Shriver pointed out that her trip had made her aware of the “great contradiction” between a society in which women occupied many leadership positions, including, at times, Prime Minister,” but still were denied many basic rights. Mrs. Gandhi agreed with Shriver, noting that several Indian states had female Chief Ministers, and that an increasing numbers of Indian women are CEOs of major corporations, doctors, and scientists, and “we will keep fighting.” She explained that the situation for women varied from state to state, and that South India was “more progressive” than the North for various historical and cultural reasons, and that, for example, the state of Kerala supplied nurses to much of the Middle East.
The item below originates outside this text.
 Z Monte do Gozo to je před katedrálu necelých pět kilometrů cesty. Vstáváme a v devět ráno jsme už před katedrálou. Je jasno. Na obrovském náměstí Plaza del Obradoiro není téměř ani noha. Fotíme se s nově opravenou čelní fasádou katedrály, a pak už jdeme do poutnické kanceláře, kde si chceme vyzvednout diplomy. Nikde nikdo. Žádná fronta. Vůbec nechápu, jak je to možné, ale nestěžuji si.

Praising the contribution of Indians and Indian-Americans to California, Shriver suggested that perhaps the GOI could help the state government combat its teacher and nursing shortage. She also noted that her family is very involved in the Special Olympics program and would like 500,000 participants for the Indian Special Olympics and hoped that Mrs. Gandhi would attend the events scheduled for November 6. Mrs. Shriver pointed out that those with intellectual disabilities were making great strides in the US, with many becoming self sufficient. This is necessary, she pointed out, “as we do not have the relevant institutions in the US.” Mrs. Gandhi conceded that Indian government institutions for the intellectually disabled are “nothing to write home about,” leaving parents and NGOs to deal with the problem, and that in rural areas, such children are “often hidden” and their disability “kept secret.”
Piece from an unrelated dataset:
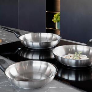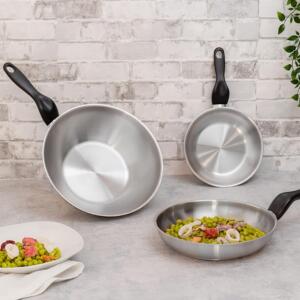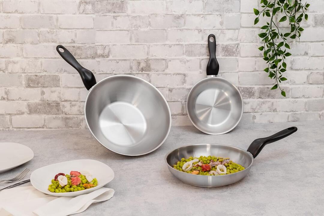 • Fondo triplen a 3 strati acciaio-alluminio-acciaio per un’ ottimale distribuzione del calore

Mrs. Gandhi pointed out that Northeast India faces a severe AIDS problem, as it is a transshipment point for narcotics with a growing drug problem. Cultural factors also inhibit AIDS control, as the government “cannot be open” with condom distribution because of “certain mindsets.” This compels the GOI to find an “appropriate way” to communicate with the population. Shriver responded that the US, as a multicultural society, faces many of the same problems, as men from some cultural backgrounds “don’t want anything to do” with family planning and AIDS prevention. The key, she emphasized, was “empowering women to demand action on these issues.”

Shriver observed that there was “no anti-Americanism” in India and that Indians from diverse backgrounds, cultures and religions have successfully found ways to coexist. Mrs. Gandhi replied that Indians are “inherently tolerant” as they have co-existed for centuries. Karan Singh added that the “freedom movement of Mahatma Gandhi” also played a crucial role as it was inclusive, pluralistic and emphasized that multiplicity of Indian culture. Mrs. Gandhi jokingly pointed out that the “Indian Left is anti-American,” but then agreed that its stance was aimed at “American policy” rather than the American people. Karan Singh emphasized that he and “most Indians” objected to many aspects of current American policy but held no brief against the American people. Mrs. Gandhi also pointed out that many Indian Muslims “resent certain policies of the US.”

The Indian press, however, is far more interested in the personal details of Gandhi’s life, particularly how her parents opposed her marriage to Rajiv Gandhi. The end of the cable reads almost like magazine profile:

Sonia Gandhi is often stiff and detached when in public. This was a more relaxed Sonia, possibly because she felt a personal rapport with Maria Shriver….Deeply hurt by personal tragedy, she has erected a strong and stoic persona to prevent public access to her personal space. Whenever she spoke of the deaths of her husband and mother-in-law, she struggled to keep her emotions in check. Despite her carefully erected Indian persona, her basic Italian personality is clearly evident in her mannerisms, speech and interests. She presents an intriguing enigma of a warm private personality that remains concealed and is available only to her closest confidants and family members.

It just goes to show that Wikileaks isn’t only revealing secrets of state, but secrets of the heart.